Sequoyah completed the syllabary in 1821, and the Cherokee Nation adopted the syllabary as their official writing system on October 15, 1825. Today, the Cherokee syllabary consists of 86 characters.

“When Sequoyah came up with the written language, its creation allowed one Cherokee to show a piece of his heart to another Cherokee for miles and miles,” said Howard Paden, executive director of the Cherokee Nation Language Department. . “Today our elders and translators help translate pieces of Cherokee syllabary written on documents as old as 150 years old. Some words have not been spoken for decades. Through this work, we are preserving the Cherokee language in such a complex way. The process still allows a Cherokee to share a piece of their heart through that piece of paper, but instead of being miles away, it’s decades or hundreds of years later. We couldn’t have done it without Sequoyah. We could not have done it without the work and efforts of Chief Hoskin, his administration and the Council as well.

Earlier this year, Cherokee Language Program Director Roy Boney worked with Cherokee Nation Cultural Tourism to commission a special composition of the Cherokee syllabary to produce the proclamation in partnership with John Brown University.

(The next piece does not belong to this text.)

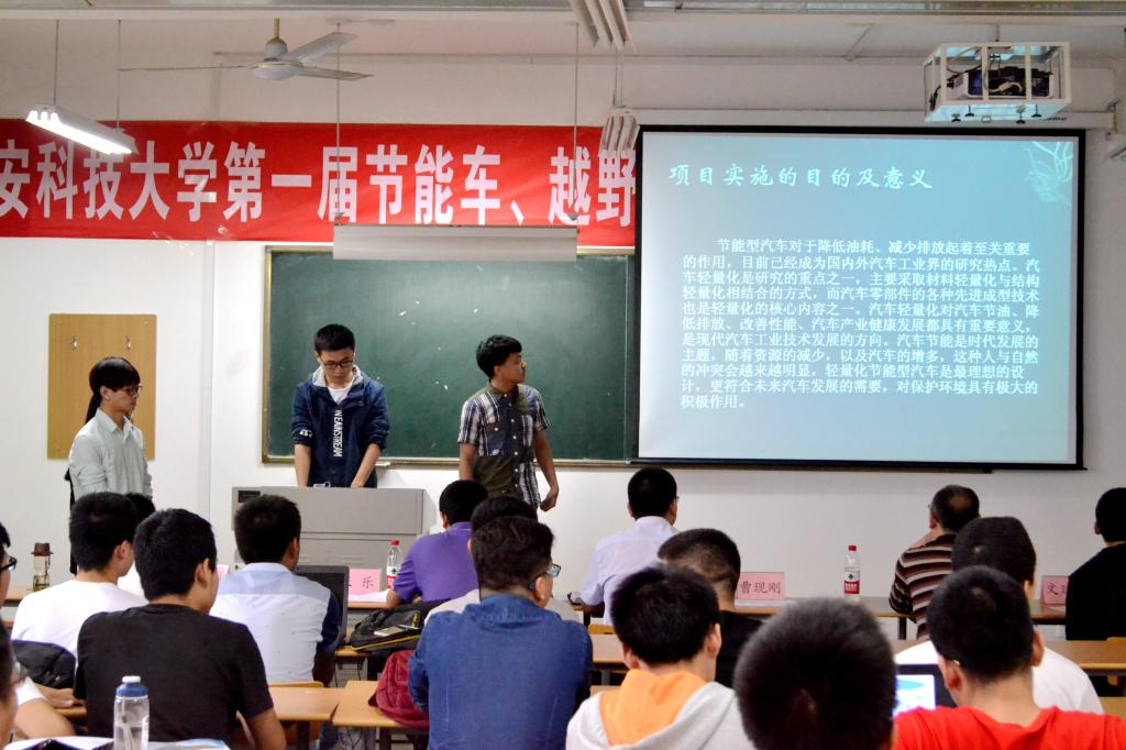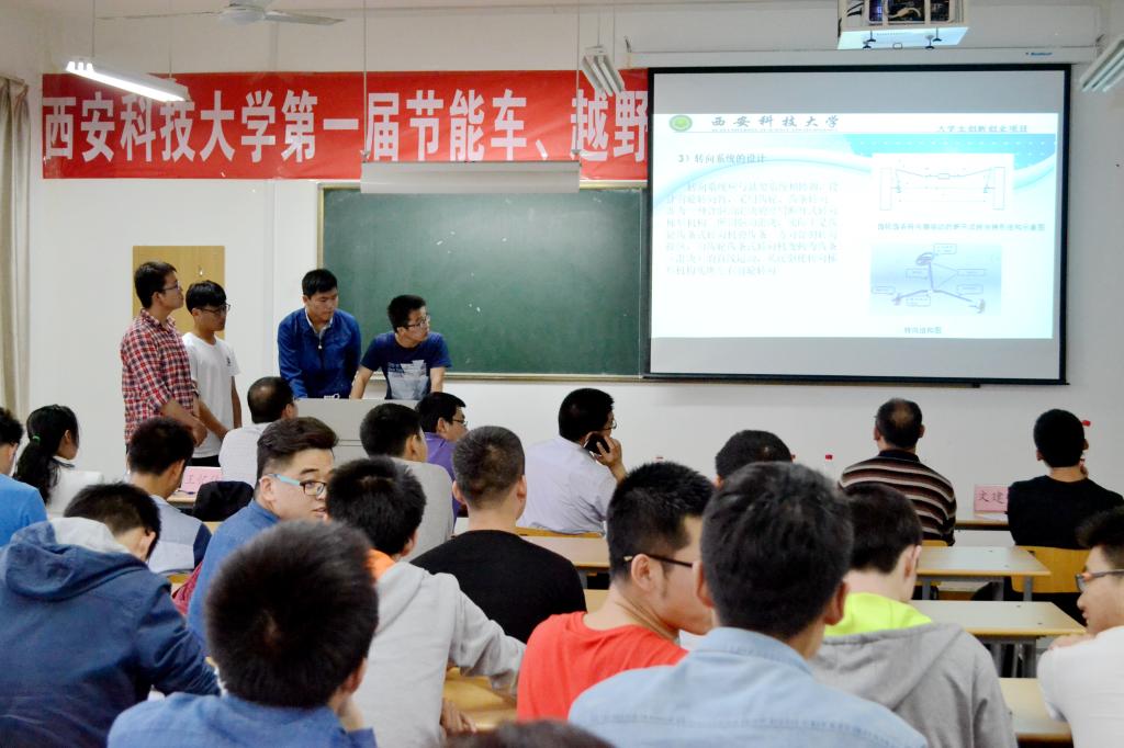 6月1日,由教务处主办、Beat365中文官方网站承办的Beat365中文官方网站第一届越野车、节能车创意竞赛决赛在临潼校区举行。经过预赛初评、来自Beat365中文官方网站、能源学院、测绘学院、管理学院、艺术学院的17件参赛作品最终进入决赛。决赛分PPT讲解和问辩两个环节,经过学生讲述、评委问辩,最终评出越野车竞赛一等奖2项、二等奖2项、三等奖3项,节能车竞赛一等奖2项、二等奖4项、三等奖4项。竞赛组委会将根据本次竞赛结果选拔出优秀作品代表Beat365官网参加7月份在成都举行的2016中国汽车工程学会巴哈大赛和10月份在广州举行的第10届Honda中国节能竞技大赛。

“I have always been fascinated by the Cherokee syllabary. I grew up in a house with Cherokee speakers, ”Boney said. “I grew up with it, I always saw it. When I went to college, I studied graphic design because I was interested in writing and typography. For me, being able to work on this project and have worked with real movable type and seeing how it went from that to the digital age gave me a much better appreciation for it all.

The proclamation signed by Chief Hoskin reaffirms the Cherokee Nation’s commitment to protect and perpetuate the Cherokee language for generations to come. As part of these efforts, Chief Hoskin signed the Durbin Feeling Language Preservation Act in 2019 to provide a historic $ 16 million investment in the preservation of the Cherokee language, the largest language investment in the nation’s history. cherokee. The late Durbin Feeling dedicated his life to preserving the Cherokee language for future generations, doing more for the Cherokee language than anyone since Sequoyah.

The tribe inaugurated in 2020 the Durbin Feeling Language Center, a state-of-the-art 50,000 square foot facility that will be housed in the former Cherokee Casino Tahlequah. The center will become the long-term headquarters of the Cherokee Language Department, which includes more than a dozen unique programs for the perpetuation of the Cherokee language. For the first time in history, all of the tribe’s language programs will be brought together under one roof once construction is complete. The campus will also soon include homes for Cherokee speakers.

Chief Hoskin and Deputy Chief Warner made the preservation and perpetuation of the language a priority, as only about 2,000 native Cherokee speakers are alive today. In July, Chief Hoskin and Deputy Chief Warner signed an agreement with the Eastern Band of Cherokee Indians in North Carolina to protect and preserve the language, history and culture by working with Western Carolina University, which is found on EBCI lands and offers a Cherokee study program. minor and Cherokee language courses.